In the beginning, there’s just ERROR codes

Hi all,

I want to write a post inspired by real-life developer work that took place back at Capital One.

Alright, let’s imagine that junior engineer Andrea needs to write APIs for Enterprise data-layer held objects. She’s been tasked to write APIs so that internal developers on other teams can execute CRUD – create, read, update, and delete – operations on Enterprise objects. The APIs not only enhance scalability, but allow for further processing and verification steps ( e.g. ACLs, rate limiting, resource sharing )

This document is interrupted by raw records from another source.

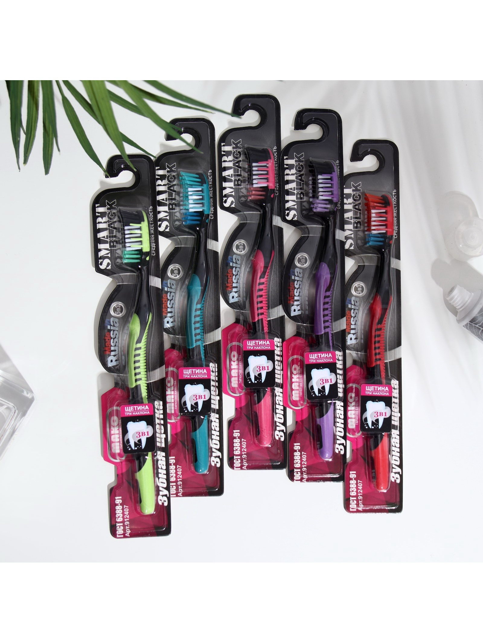 Зубная щётка "Сплит" Black средней жесткости, ЛенПластПолимер, РОССИЯ
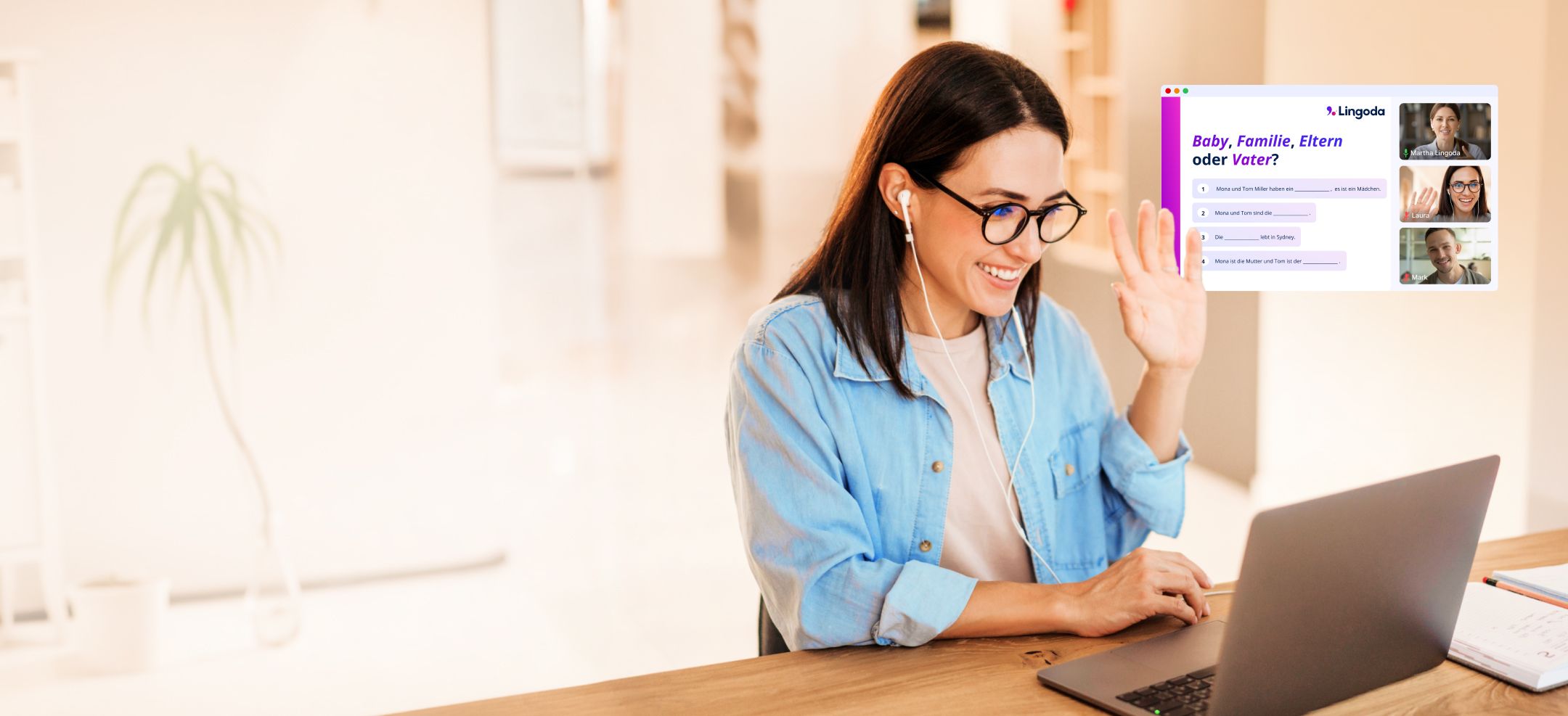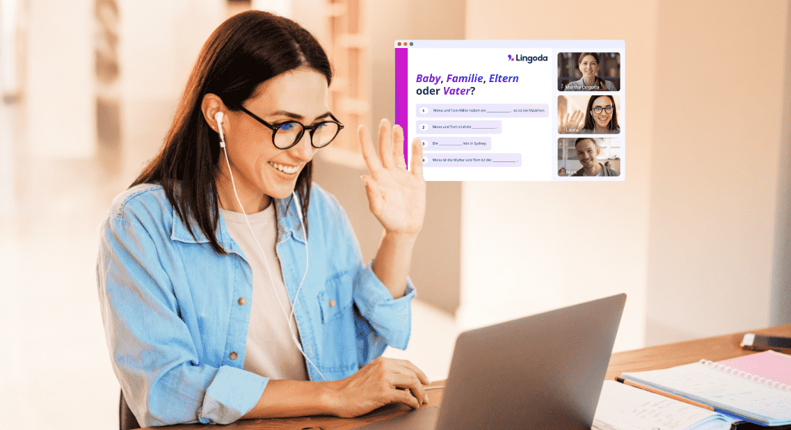 Agendas de trabalho ocupadas e responsabilidades familiares podem tornar extremamente difícil comparecer regularmente a aulas presenciais de alemão. No entanto, isso não significa que você não possa aprender alemão! Com as aulas online flexíveis da Lingoda, você pode participar de uma aula logo de manhã cedo, antes que todos estejam acordados, durante o horário do almoço ou entre as reuniões. É realmente tentador faltar a uma aula noturna após o expediente, mas se você puder fazê-lo a partir da mesa da cozinha, será muito mais provável que você participe regularmente.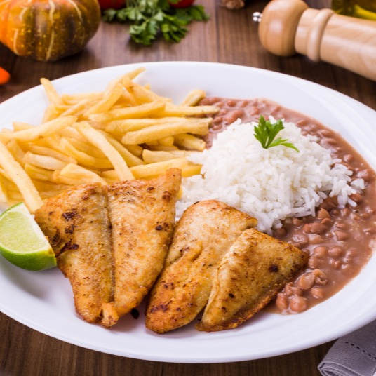 Arroz, Feijão, Batata frita, Tilapia grelhada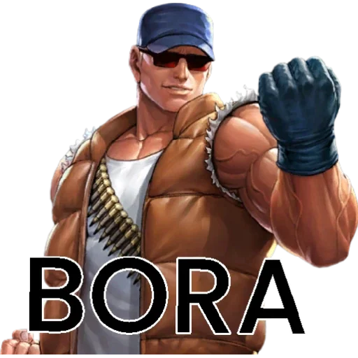Um personagem de anime musculoso com óculos escuros e um boné azul, vestindo um colete marrom e uma luva preta, com a palavra 'BORA' em letras grandes na frente.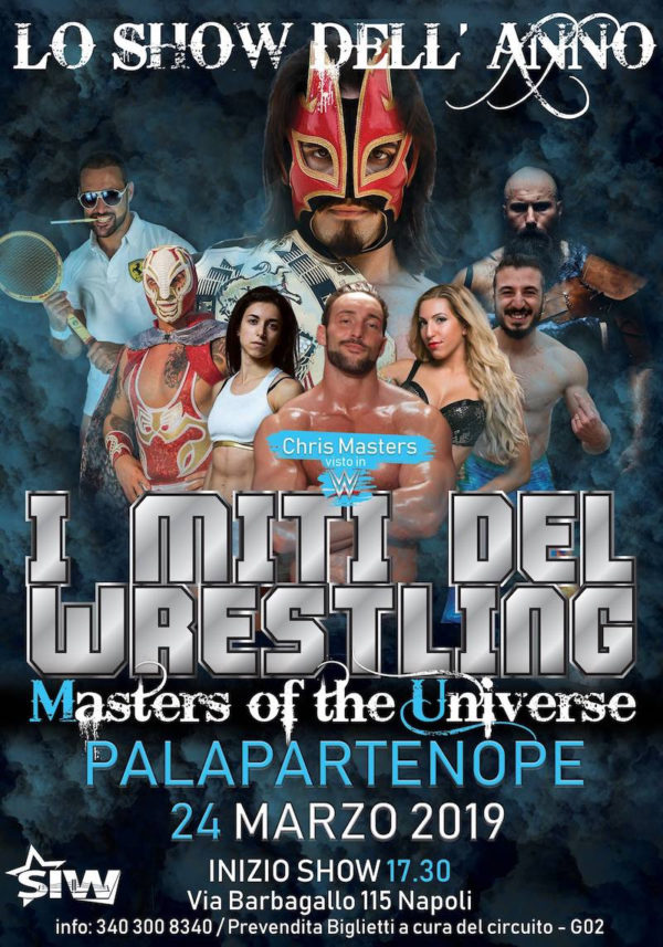 Napoli – Il grande wrestling torna al Palapartenope di Napoli il prossimo 24 marzo:“I Miti del Wrestling: Masters of the Universe” è il titolo dello show più importante dell’anno nel Sud Italia.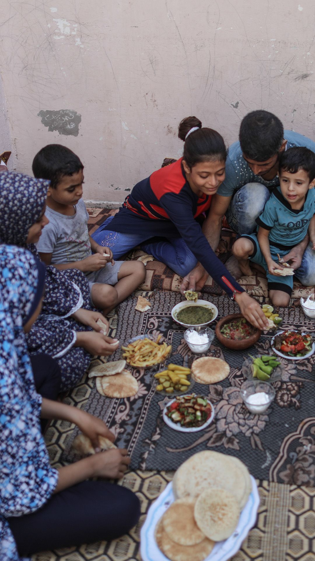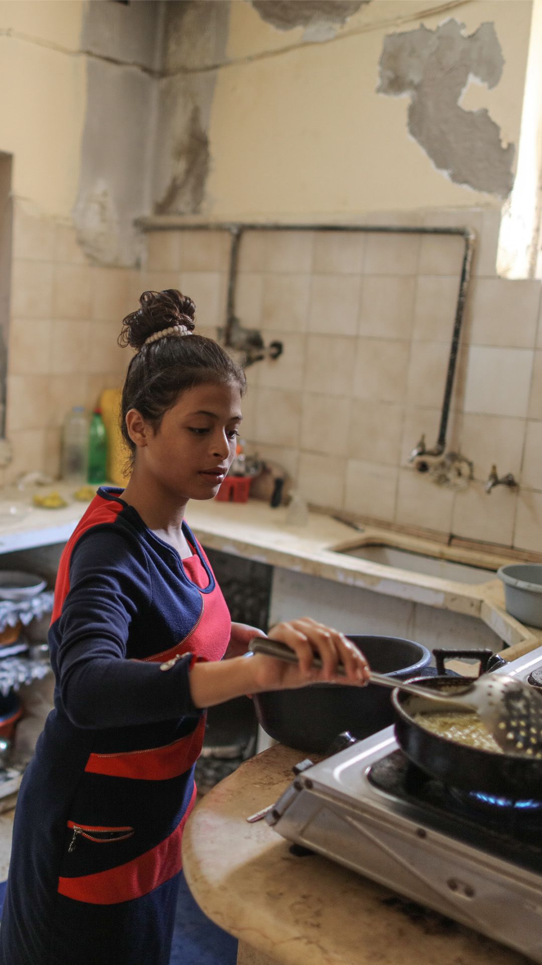 Omaia bor i stadsdelen Al-Sha’af tillsammans med sin farfar, mamma och pappa, tre systrar och två småbröder. Hennes pappa jobbar som stenarbetare.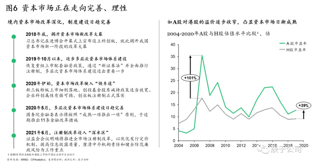 政策推動(dòng)下,國內(nèi)資本市場(chǎng)改革逐步深化,制度建設(shè)日趨完善,生態(tài)環(huán)保企業(yè)面臨的資本市場(chǎng)大環(huán)境正走向理性。A股對(duì)H股的溢價(jià)逐步收窄便是其中一佐證:基于對(duì)95家同時(shí)在A股和港股上市的企業(yè)的分析,可以看到相比于2006年最高峰時(shí)A股對(duì)H股超過100%的溢價(jià),當(dāng)前30%-40%的溢價(jià)已有明顯收窄(見圖6)。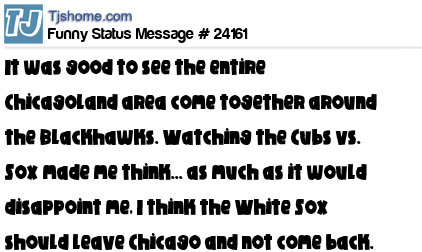 X It was good to see the entire Chicagoland area come together around the Blackhawks. Watching the Cubs vs. Sox made me think... as much as it would disappoint me, I think the White Sox should leave Chicago and not come back. Its for unification.

When she initially wrote the APIs, she did think about error handling, but from the scope of HTTP status codes ( see https://en.wikipedia.org/wiki/List_of_HTTP_status_codes ), such as the 400 bad request error. This error is introduced for cases that backend servers can not process requests due to possible client-side errors ( e.g. badly formatted inputs or deceptive inputs ).

In the initial version, everything seems dandy and working fine. And for a context of a standalone web application with a single client and a single server, it’s ( mostly ) sufficient to return numeric status codes. But problems arise up in the future.

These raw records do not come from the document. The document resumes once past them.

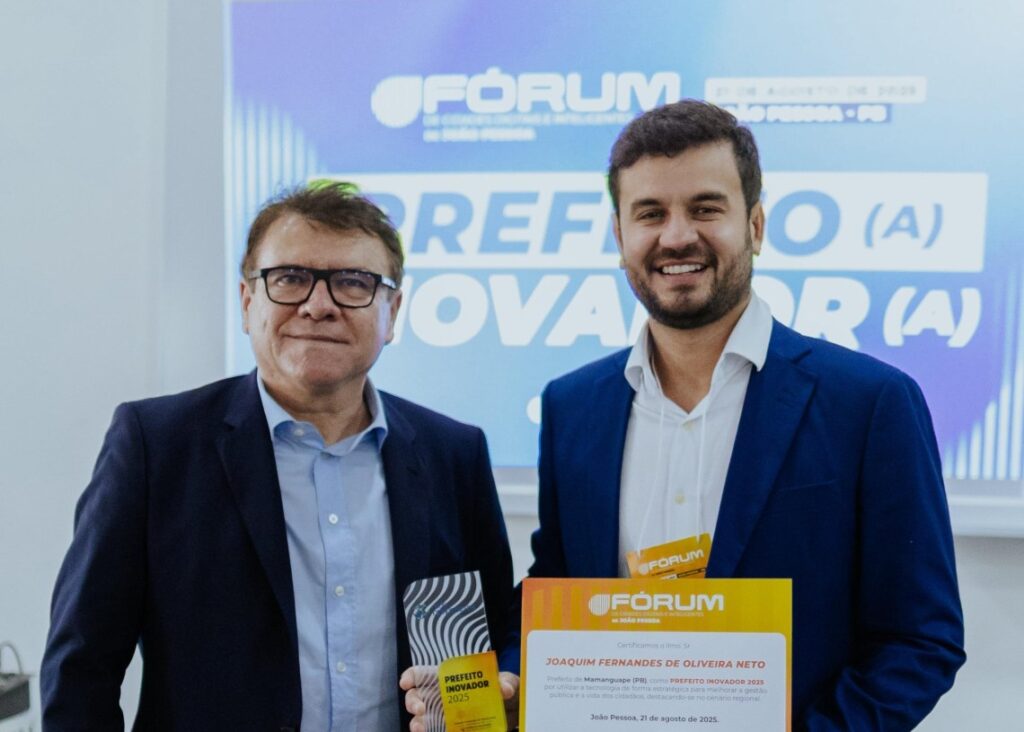 Joaquim Fernandes apresenta case de sucesso do app Mamanguape tá on e recebe prêmio de Prefeito Inovador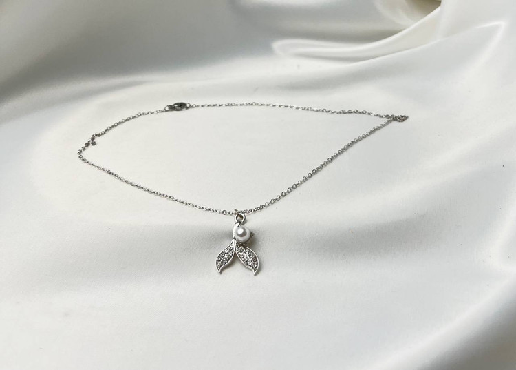 گردنبند استیل طرح دم ماهی با آویز مروارید کد ۵۰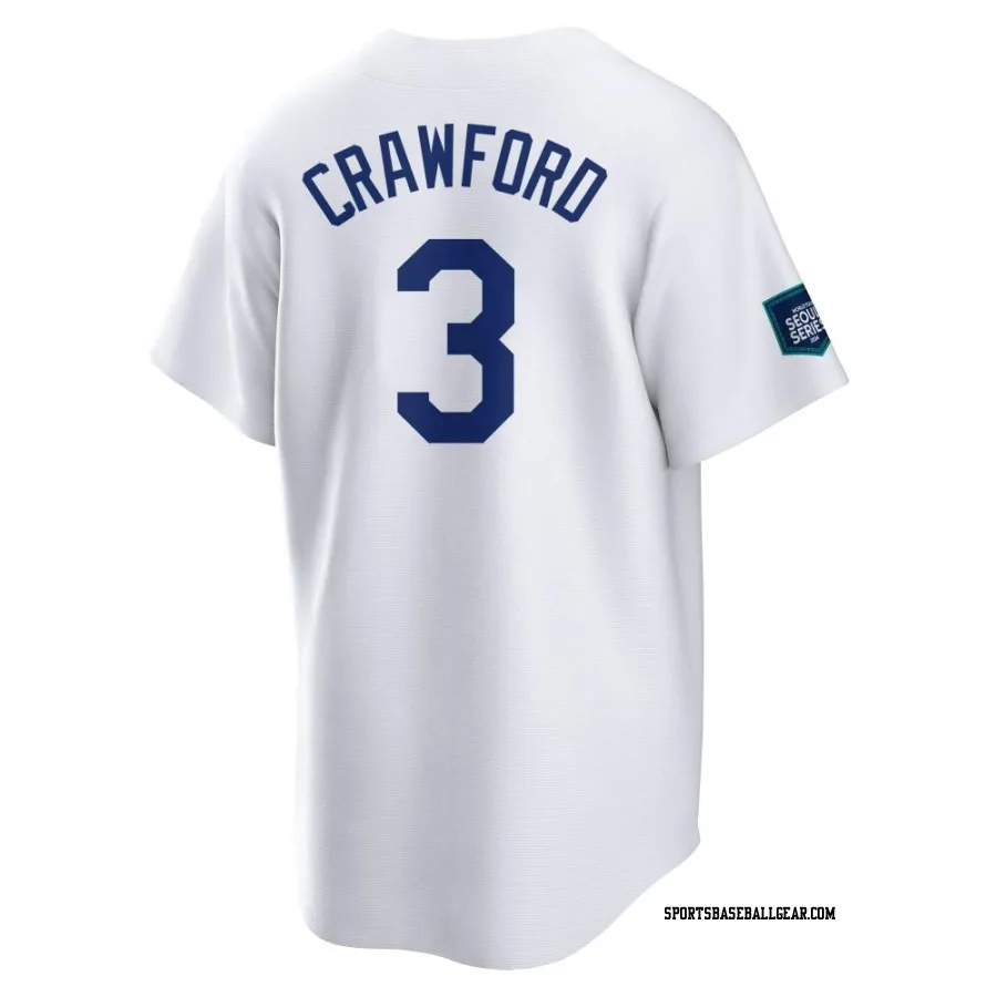 Get the Carl Crawford Youth Los Angeles Dodgers White Replica 2024 World Tour Seoul Series Home Jersey, showcasing the latest design and premium quality for dedicated fans. Elevate your baseball wardrobe now!

Trouble brews months later !

Alright, so senior engineer Javier has to develop our his team’s application, which operates on the same set of Enterprise objects. This means that his application behaves as a client, and executes Andrea’s API calls, exposed as conventional HTTP /GET, /POST, /PUT, and /DELETE methods. Javier recognizes on client-side development that he needs to introduce error handling paths ( e.g. halting his program or engaging in graceful degradation and capturing bad payloads in a dead letter queue ) in the event of 4xx errors when executing /GET calls.

But there’s a gotcha.

He’s running into a problem where he runs into a 4xx issue, but it turns out that the client-side payload is actually well-formed. Everything is correct there. What’s going on? 4xx should be a client-side issue, right? I clearly shouldn’t be failing a request – or event the processing of my events – if things are all and good here.

Yes … and no

So it turns out that the payload is correct, BUT, the Enterprise asset the payload operates on is stale. The assets themselves are out-of-date by a couple of months, and underneath the hood, that /GET call executes a SQL query to filter out and retrieve an asset based on unique primary keys.

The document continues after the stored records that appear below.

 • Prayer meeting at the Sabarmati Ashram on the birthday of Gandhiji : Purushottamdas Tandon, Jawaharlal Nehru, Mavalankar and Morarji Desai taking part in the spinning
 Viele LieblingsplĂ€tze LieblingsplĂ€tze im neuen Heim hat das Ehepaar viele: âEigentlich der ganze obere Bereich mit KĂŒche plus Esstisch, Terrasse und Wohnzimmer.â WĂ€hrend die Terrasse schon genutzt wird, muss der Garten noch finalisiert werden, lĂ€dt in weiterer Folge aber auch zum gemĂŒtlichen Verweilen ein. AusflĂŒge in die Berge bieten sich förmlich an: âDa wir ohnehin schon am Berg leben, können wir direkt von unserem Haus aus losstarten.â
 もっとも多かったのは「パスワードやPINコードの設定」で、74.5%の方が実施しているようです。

And the problem is both the scaffolding – everything around the query – and the SQL query are “technically” correct. It’s actually an issue with the underlying database not being up-to-date ( due to a laundry list of reasons I will avoid delving into 😛 ). Perhaps a Database admin or other user forgot to purge out old, stale records.

So tell me what the hot-fix is?

After some back-and-forth conversations, Javier and Andrea recognize that a new version of the APIs are needed in production settings with modifications. The return of the 4xx is correct, but we need more information. We need a short, 150-character tweet-sized textual error response as well ( and maybe even an additional layer of API enum code ). The response and code should reveal more information such as :

  • “Failure code <A> : Did not locate Enterprise objects; client-side payload is valid.”
  • “Failure code <B> : Located Enterprise objects; badly-formed client-side payload.”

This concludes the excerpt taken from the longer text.